The result, which is a t-score of about -1.0, cannot reject the null hypothesis (that lambda == 0) at 90% confidence. Consequently, we cannot prove (via ADF test) that the exchange rate is NOT a geometric random walk. However, we can at least reassure that it is not a trending strategy, since lambda is not positive.

## Calculating the Hurst Exponent

By calculating the Hurst Exponent, via the formula for measuring the speed of diffusion, we can find out whether or not a series is stationary or non-stationary. The null hypothesis for the Hurst exponent (0 < H < 1), is H == 0.5, which indicates a Geomtric Brownian Motion. If H < 0.5, the series is more mean-reverting and more likely to be stationary. On the other hand, if H > 0.5, then the series is more trending and more likely to be non-stationary. The closer H is to 1, the more strongly trending it is; likewise, the closer H is to 0, the more strongly mean-reverting the series is.

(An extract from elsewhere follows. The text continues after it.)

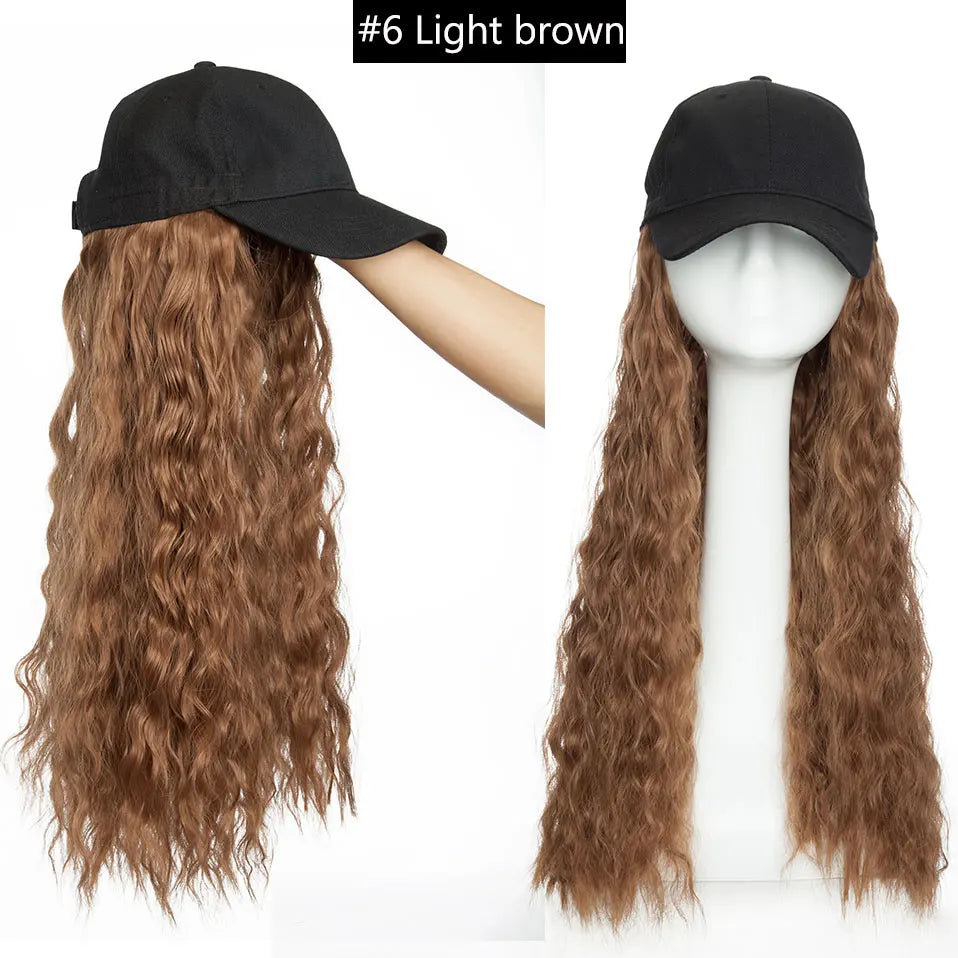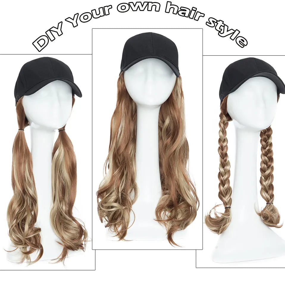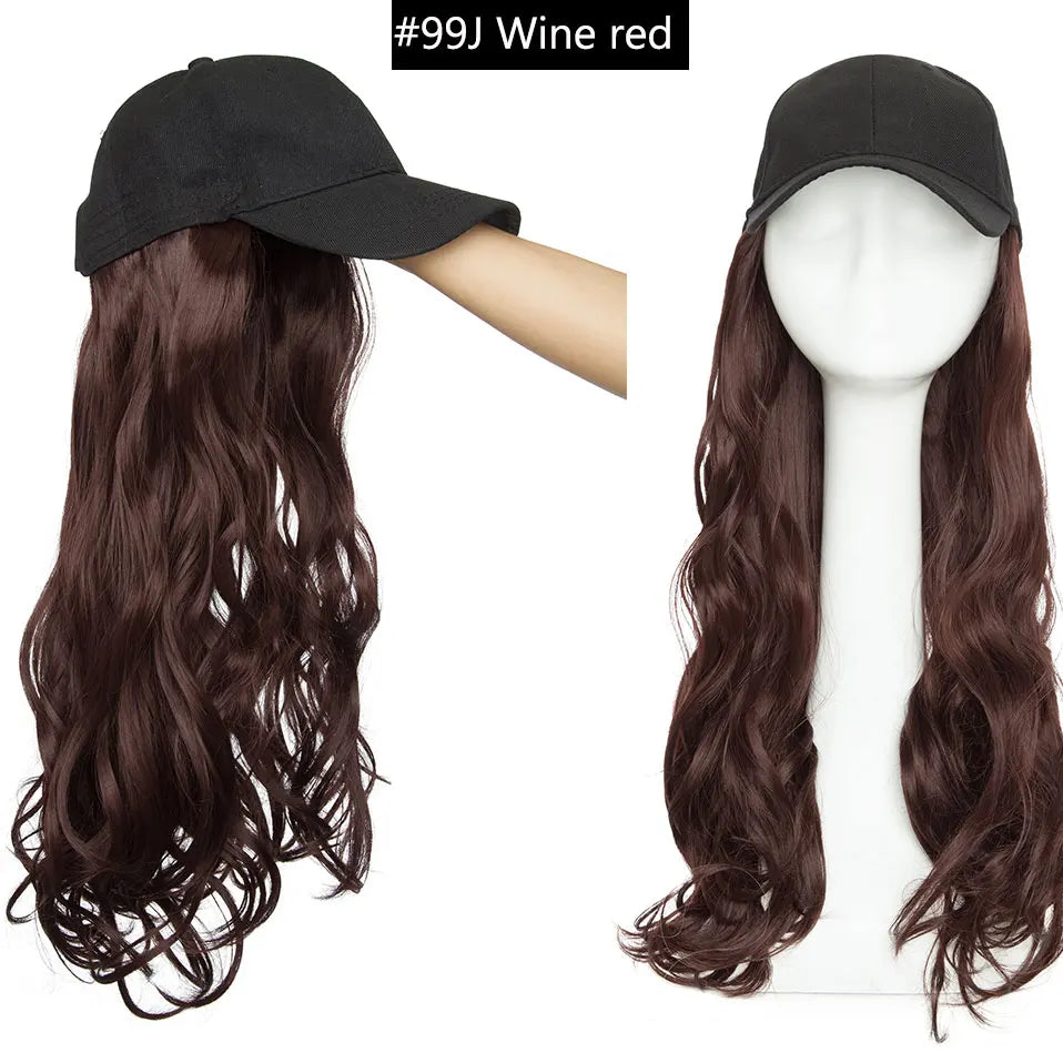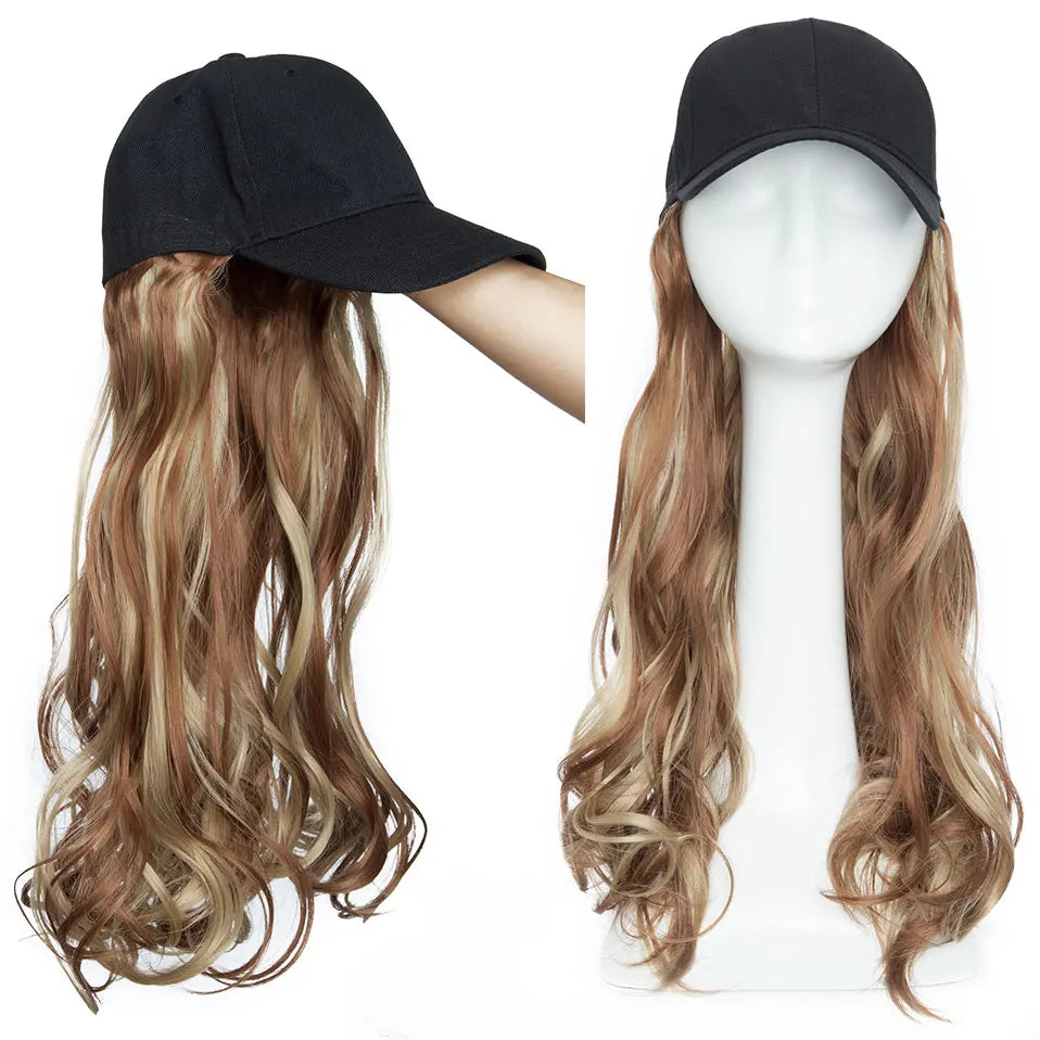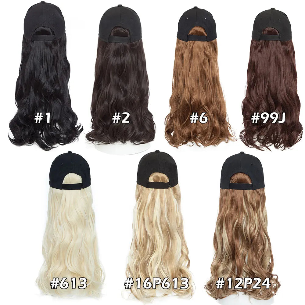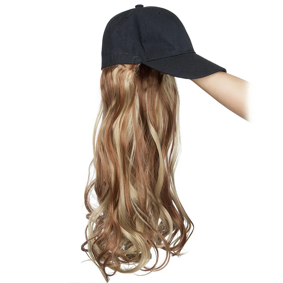 Snoilite synthetic long wavy baseball cap with hair extension hair integrate cap hat for women girl daily hair style wig

autocorrelation: The correlation between two different versions of the same time series - once in its normal form, and another that is a lagged version of the time series

In [21]:
from numpy import cumsum, log, polyfit, sqrt, std, subtract
from numpy.random import randn

#source code: https://www.quantstart.com/articles/Basics-of-Statistical-Mean-Reversion-Testing
def hurst(ts):
    """Returns the Hurst Exponent of the time series vector ts"""
    # Create the range of lag values
    lags = range(2, 100)

    # Calculate the array of the variances of the lagged differences
    tau = [sqrt(std(subtract(ts[lag:], ts[:-lag]))) for lag in lags]

    # Use a linear fit to estimate the Hurst Exponent
    poly = polyfit(log(lags), log(tau), 1)

    # Return the Hurst exponent from the polyfit output
    return poly[0]*2.0

# Create a Gometric Brownian Motion, Mean-Reverting and Trending Series
gbm = log(cumsum(randn(100000))+1000)
mr = log(randn(100000)+1000)
tr = log(cumsum(randn(100000)+1)+1000)

# Output the Hurst Exponent for each of the above series
# and the price of Google (the Adjusted Close price) for 
# the ADF test given above in the article. Testing the hurst function
print(hurst(gbm))
print(hurst(mr))
print(hurst(tr))
# Assuming you have run the above code to obtain 'goog'!
print(hurst(jpy_exchange_rate['Adj Close']))

0.505024502023
-0.000154920578908
0.954821520778
0.546462512592


Here, we can see that the Hurst Exponent obtained for the USD.JPY currency exchange rate is approximately 0.55. In other words, the Hurst Exponent is telling us that the USD.JPY series is slightly trending.